After only a short time on the market the product was pulled, as it was discovered there were a number of performance- and reliability problems that made the system essentially unusable. Sony then reengineered the device for a quick rerelease, but then extended the delay well into 1998 instead, and increased the capacity to "200 MB" (approximately 210 decimal megabytes) while they were at it. By this point the market was already saturated by the Zip disk, so it never gained much market share.
The UHD144 drive surfaced early in 1998 as the it drive, and provides 144 MB of storage while also being compatible with the standard 1.44 MB floppies.
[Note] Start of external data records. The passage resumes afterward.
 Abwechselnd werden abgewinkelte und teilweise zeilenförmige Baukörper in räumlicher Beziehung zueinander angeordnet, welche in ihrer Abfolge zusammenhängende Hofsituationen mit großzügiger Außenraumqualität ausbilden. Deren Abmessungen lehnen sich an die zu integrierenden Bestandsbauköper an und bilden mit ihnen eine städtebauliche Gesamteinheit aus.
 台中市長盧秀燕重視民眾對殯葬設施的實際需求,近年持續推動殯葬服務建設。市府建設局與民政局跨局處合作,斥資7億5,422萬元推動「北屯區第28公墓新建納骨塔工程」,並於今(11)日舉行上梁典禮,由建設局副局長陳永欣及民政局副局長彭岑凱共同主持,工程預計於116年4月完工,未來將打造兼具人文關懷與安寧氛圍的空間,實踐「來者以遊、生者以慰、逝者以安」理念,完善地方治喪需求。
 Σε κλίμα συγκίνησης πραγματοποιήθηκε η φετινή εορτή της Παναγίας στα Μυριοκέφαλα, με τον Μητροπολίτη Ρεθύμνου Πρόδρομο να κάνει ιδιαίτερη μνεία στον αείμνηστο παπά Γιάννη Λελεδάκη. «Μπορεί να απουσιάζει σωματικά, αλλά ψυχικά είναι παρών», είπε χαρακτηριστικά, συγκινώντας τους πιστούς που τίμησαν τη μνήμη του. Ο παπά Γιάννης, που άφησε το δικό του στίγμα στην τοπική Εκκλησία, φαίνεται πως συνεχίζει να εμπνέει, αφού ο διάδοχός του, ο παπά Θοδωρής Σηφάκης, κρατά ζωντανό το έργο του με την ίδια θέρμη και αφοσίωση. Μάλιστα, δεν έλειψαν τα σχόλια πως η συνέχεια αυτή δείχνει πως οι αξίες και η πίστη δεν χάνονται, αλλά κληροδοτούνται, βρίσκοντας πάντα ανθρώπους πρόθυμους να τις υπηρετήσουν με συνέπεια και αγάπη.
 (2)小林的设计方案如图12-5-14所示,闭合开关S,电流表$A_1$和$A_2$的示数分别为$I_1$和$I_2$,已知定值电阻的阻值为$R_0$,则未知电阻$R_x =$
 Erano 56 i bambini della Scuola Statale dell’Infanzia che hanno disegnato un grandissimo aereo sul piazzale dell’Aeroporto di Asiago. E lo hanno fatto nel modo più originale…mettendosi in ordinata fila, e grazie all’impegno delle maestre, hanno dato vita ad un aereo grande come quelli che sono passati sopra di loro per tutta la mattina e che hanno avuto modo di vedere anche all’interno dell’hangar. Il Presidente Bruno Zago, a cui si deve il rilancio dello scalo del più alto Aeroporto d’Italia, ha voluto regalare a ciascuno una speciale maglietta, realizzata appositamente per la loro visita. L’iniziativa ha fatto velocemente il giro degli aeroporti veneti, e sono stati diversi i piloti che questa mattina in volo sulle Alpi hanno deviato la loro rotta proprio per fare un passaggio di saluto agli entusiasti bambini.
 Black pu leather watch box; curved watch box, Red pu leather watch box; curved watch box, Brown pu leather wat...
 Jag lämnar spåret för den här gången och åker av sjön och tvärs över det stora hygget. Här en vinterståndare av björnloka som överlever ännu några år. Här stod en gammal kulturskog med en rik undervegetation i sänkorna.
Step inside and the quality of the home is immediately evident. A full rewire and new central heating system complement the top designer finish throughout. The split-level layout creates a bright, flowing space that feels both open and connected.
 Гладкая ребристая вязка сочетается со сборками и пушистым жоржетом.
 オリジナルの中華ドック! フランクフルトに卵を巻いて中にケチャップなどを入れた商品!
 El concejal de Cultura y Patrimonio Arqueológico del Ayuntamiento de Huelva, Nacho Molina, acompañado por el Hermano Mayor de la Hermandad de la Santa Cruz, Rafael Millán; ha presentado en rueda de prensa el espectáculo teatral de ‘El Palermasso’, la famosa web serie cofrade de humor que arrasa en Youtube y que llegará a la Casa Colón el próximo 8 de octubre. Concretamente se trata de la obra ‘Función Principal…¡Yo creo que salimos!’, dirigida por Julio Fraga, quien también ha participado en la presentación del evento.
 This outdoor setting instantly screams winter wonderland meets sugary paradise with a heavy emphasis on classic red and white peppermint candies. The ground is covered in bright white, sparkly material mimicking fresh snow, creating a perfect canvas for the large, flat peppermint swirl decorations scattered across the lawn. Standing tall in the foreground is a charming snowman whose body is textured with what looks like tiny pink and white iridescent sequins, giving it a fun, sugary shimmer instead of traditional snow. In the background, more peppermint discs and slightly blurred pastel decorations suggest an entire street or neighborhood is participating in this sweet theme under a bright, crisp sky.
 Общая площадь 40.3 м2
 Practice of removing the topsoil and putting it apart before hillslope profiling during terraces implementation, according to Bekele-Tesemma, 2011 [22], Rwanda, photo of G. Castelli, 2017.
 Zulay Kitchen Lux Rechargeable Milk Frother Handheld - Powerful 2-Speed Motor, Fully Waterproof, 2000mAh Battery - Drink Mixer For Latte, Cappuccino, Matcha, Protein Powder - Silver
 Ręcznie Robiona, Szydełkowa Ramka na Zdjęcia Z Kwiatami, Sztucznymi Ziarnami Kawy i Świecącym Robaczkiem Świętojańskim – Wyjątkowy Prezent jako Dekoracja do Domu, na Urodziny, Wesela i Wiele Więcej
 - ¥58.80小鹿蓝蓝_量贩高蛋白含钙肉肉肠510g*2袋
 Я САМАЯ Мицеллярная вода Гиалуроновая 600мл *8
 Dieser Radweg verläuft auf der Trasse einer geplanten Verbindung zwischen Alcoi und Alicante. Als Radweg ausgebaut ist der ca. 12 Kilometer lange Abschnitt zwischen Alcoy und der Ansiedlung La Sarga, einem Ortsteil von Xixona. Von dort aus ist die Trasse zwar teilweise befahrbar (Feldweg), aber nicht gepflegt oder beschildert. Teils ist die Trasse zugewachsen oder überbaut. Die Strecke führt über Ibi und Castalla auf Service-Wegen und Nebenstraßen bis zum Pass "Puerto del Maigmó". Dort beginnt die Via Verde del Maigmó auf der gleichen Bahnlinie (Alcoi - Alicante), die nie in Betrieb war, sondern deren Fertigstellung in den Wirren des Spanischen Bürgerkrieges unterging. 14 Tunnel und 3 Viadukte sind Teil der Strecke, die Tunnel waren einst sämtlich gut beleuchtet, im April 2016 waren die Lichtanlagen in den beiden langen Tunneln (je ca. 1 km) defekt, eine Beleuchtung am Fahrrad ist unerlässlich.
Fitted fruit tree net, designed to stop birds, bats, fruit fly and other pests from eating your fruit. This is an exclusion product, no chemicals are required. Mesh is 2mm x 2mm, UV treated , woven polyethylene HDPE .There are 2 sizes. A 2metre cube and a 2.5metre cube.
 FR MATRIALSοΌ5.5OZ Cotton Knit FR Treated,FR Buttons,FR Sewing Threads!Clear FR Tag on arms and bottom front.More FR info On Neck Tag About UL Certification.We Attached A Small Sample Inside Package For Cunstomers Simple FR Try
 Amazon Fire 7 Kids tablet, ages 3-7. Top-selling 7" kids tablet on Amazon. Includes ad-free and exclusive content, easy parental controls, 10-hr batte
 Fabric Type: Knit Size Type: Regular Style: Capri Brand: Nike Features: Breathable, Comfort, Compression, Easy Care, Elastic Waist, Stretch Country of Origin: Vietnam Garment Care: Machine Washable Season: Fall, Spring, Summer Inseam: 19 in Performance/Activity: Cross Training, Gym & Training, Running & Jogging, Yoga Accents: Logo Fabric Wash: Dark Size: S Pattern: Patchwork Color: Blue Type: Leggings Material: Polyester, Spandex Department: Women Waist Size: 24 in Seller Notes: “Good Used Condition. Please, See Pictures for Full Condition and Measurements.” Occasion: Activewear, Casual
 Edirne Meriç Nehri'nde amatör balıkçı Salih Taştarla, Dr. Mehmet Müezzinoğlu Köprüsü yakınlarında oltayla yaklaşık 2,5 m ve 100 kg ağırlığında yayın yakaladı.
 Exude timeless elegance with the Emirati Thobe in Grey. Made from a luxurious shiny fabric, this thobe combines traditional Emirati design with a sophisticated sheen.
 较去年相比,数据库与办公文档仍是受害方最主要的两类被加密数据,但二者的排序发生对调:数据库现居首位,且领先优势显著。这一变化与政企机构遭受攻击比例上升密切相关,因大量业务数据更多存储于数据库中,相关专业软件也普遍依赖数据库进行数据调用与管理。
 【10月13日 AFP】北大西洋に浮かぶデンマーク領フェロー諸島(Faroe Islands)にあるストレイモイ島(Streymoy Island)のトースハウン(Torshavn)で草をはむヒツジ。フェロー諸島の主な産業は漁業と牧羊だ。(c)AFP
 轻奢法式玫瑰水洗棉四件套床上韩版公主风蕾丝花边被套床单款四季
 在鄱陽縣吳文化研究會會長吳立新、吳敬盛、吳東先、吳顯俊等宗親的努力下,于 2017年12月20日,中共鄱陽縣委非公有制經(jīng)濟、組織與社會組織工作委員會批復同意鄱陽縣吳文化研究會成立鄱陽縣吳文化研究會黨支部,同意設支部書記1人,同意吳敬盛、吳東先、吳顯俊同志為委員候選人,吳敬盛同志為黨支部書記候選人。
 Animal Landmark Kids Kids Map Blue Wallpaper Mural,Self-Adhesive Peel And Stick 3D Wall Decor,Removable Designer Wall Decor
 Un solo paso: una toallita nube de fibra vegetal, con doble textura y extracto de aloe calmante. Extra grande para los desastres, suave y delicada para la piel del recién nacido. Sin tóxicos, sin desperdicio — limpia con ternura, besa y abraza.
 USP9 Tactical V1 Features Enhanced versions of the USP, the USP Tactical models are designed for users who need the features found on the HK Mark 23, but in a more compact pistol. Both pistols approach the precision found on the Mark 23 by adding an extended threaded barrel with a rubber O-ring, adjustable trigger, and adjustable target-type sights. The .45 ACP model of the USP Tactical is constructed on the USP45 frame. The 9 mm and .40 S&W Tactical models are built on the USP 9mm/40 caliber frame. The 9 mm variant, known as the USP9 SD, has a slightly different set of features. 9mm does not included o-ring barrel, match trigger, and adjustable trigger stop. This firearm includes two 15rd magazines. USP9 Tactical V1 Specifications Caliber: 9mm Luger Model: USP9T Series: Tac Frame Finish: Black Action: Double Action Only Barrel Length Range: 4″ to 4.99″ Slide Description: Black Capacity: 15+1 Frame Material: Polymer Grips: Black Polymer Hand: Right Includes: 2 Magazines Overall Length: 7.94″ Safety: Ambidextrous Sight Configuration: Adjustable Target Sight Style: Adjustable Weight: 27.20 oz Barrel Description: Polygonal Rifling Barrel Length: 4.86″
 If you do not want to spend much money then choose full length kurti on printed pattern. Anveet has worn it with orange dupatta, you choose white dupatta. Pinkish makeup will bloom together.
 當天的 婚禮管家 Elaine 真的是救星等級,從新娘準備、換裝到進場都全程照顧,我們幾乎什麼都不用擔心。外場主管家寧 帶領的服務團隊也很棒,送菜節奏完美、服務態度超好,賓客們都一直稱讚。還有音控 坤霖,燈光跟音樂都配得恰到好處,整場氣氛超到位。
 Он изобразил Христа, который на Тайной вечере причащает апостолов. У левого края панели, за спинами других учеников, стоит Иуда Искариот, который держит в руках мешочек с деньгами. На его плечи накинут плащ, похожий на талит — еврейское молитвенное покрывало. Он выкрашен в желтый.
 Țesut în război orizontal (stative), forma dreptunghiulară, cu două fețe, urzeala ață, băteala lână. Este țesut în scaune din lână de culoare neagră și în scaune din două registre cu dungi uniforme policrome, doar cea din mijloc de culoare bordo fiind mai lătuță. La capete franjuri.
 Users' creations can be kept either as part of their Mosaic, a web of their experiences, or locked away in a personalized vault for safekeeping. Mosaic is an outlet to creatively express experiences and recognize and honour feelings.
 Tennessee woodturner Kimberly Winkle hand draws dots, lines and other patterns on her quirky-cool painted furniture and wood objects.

The drive was slower than its competitors but the media was cheaper, running about US$8 at introduction and US$5 soon after.
Commodore started its tradition of special disk formats with the 5¼-inch disk drives accompanying its PET/CBM, VIC-20 and Commodore 64 home computers, the same as the 1540 and 1541 drives used with the later two machines. The standard Commodore Group Coded Recording (GCR) scheme used in 1541 and compatibles employed four different data rates depending upon track position (see zone bit recording). Tracks 1 to 17 had 21 sectors, 18 to 24 had 19, 25 to 30 had 18, and 31 to 35 had 17, for a disk capacity of 170.75 KB (175 decimal kB). Unique among personal computer architectures, the operating system on the computer itself is unaware of the details of the disk and filesystem; disk operations are handled by Commodore DOS instead, which was implemented with an extra MOS-6502 processor on the disk drive. Many programs such as GEOS bypass Commodore's DOS completely, and replace it with fast-loading (for the time) programs in the 1541 drive.
Eventually Commodore gave in to disk format standardization, and made its last 5¼-inch drives, the 1570 and 1571, compatible with Modified Frequency Modulation (MFM), to enable the Commodore 128 to work with CP/M disks from several vendors. Equipped with one of these drives, the C128 is able to access both C64 and CP/M disks, as it needs to, as well as MS-DOS disks (using third-party software), which was a crucial feature for some office work. At least one commercial program, Big Blue Reader by SOGWAP software was available to perform the task.
The GEOS operating system uses a disk format that is largely identical to the Commodore DOS format with a few minor extensions; while generally compatible with standard Commodore disks, certain disk maintenance operations can corrupt the filesystem without proper supervision from the GEOS kernel.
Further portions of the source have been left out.